### TASK BRIEF
Print the entire listing below word for word, excluding its pictures.

### INFORMATION PROVIDED
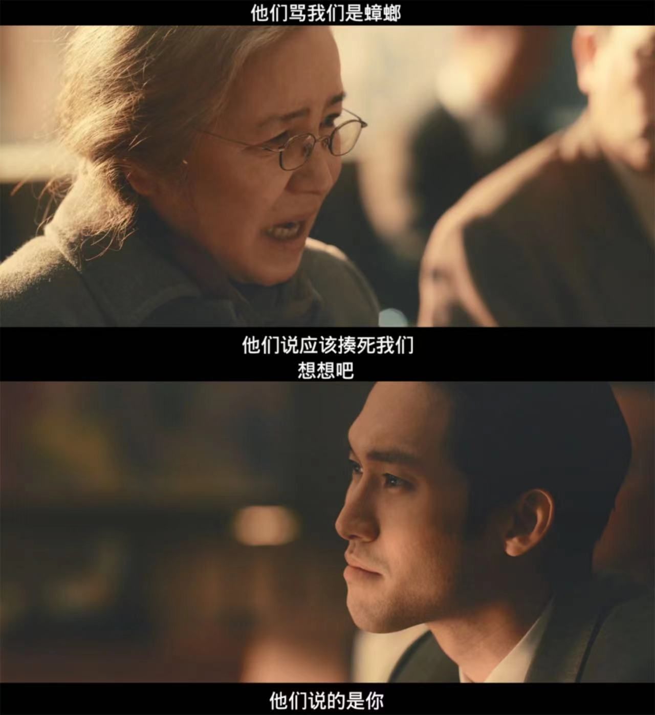 白所门罗告诉老奶奶:“我会对她这么说:别签字。”镜头不断剪切到1933年,在善慈从朝鲜到日本的低等船舱里,他们听到了高等船舱里传来的朝鲜族的歌曲,朝鲜女歌手以死捍卫民族尊严。复调结构,抗日情绪堆叠到高潮。
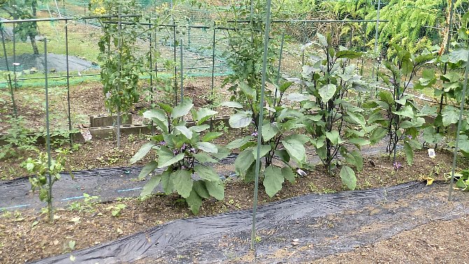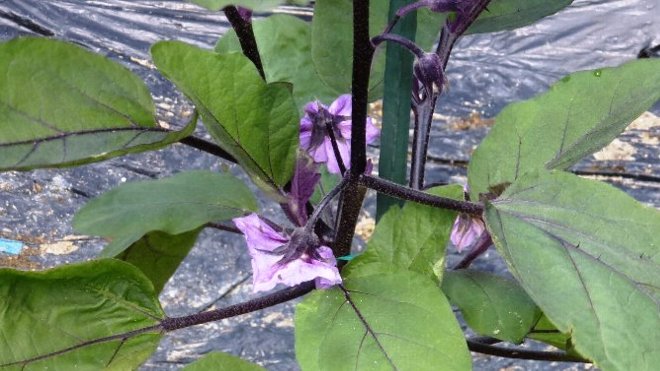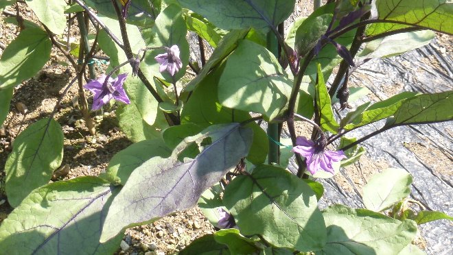ナスビ、水ナスは花がたくさん咲いているがまだ実にはなっていない。
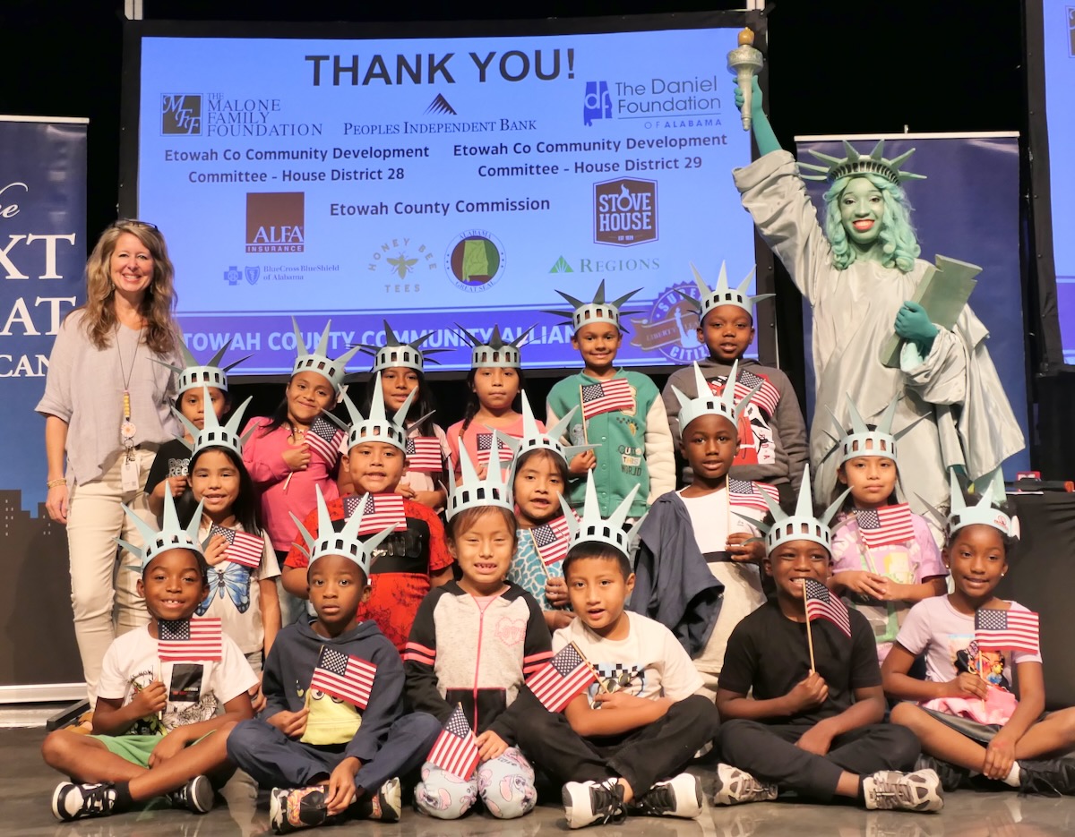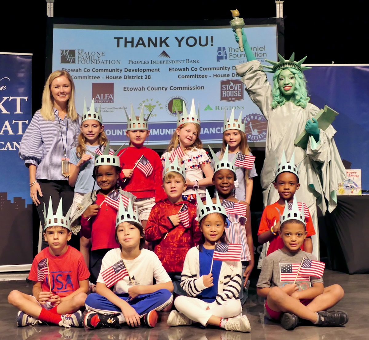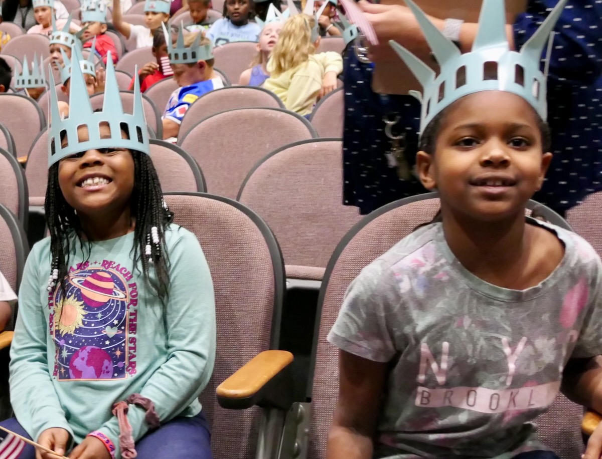 Today second graders from Gadsden City Schools cheered and counted down to the grand entrance of Libby Liberty™. Wearing green paper crowns and waving tiny American flags, they showed their enthusiasm for the Super Citizen Program they’ll begin after today’s theatrical performance.
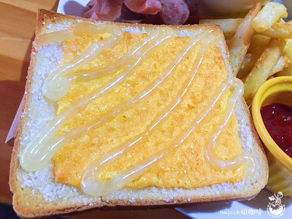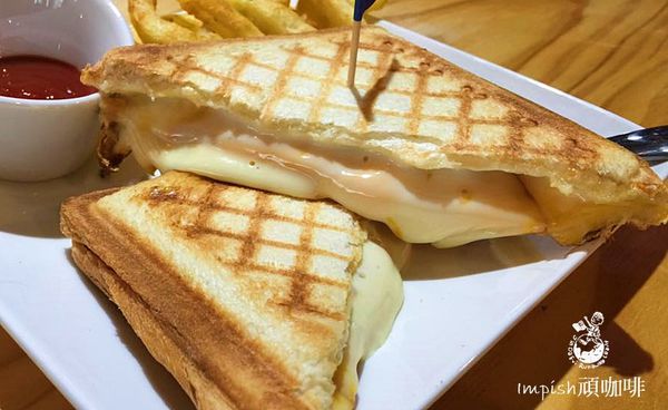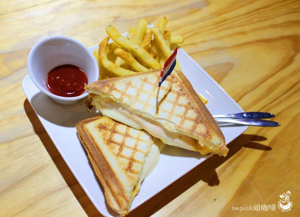 這是熱壓吐司來著 , 除了切對半的熱壓吐司外 , 還有附些許小薯。 不過個人會小建議上面的旗子圖案或許可以考慮放頑咖啡的logo,如此當客人拍照上傳網路的時候別人一看見就知道是出自頑咖啡之手 XD

### ANSWER TO THIS EXERCISE
 白所门罗告诉老奶奶:“我会对她这么说:别签字。”镜头不断剪切到1933年,在善慈从朝鲜到日本的低等船舱里,他们听到了高等船舱里传来的朝鲜族的歌曲,朝鲜女歌手以死捍卫民族尊严。复调结构,抗日情绪堆叠到高潮。
ナスビ、水ナスは花がたくさん咲いているがまだ実にはなっていない。
 Today second graders from Gadsden City Schools cheered and counted down to the grand entrance of Libby Liberty™. Wearing green paper crowns and waving tiny American flags, they showed their enthusiasm for the Super Citizen Program they’ll begin after today’s theatrical performance.
 這是熱壓吐司來著 , 除了切對半的熱壓吐司外 , 還有附些許小薯。 不過個人會小建議上面的旗子圖案或許可以考慮放頑咖啡的logo,如此當客人拍照上傳網路的時候別人一看見就知道是出自頑咖啡之手 XD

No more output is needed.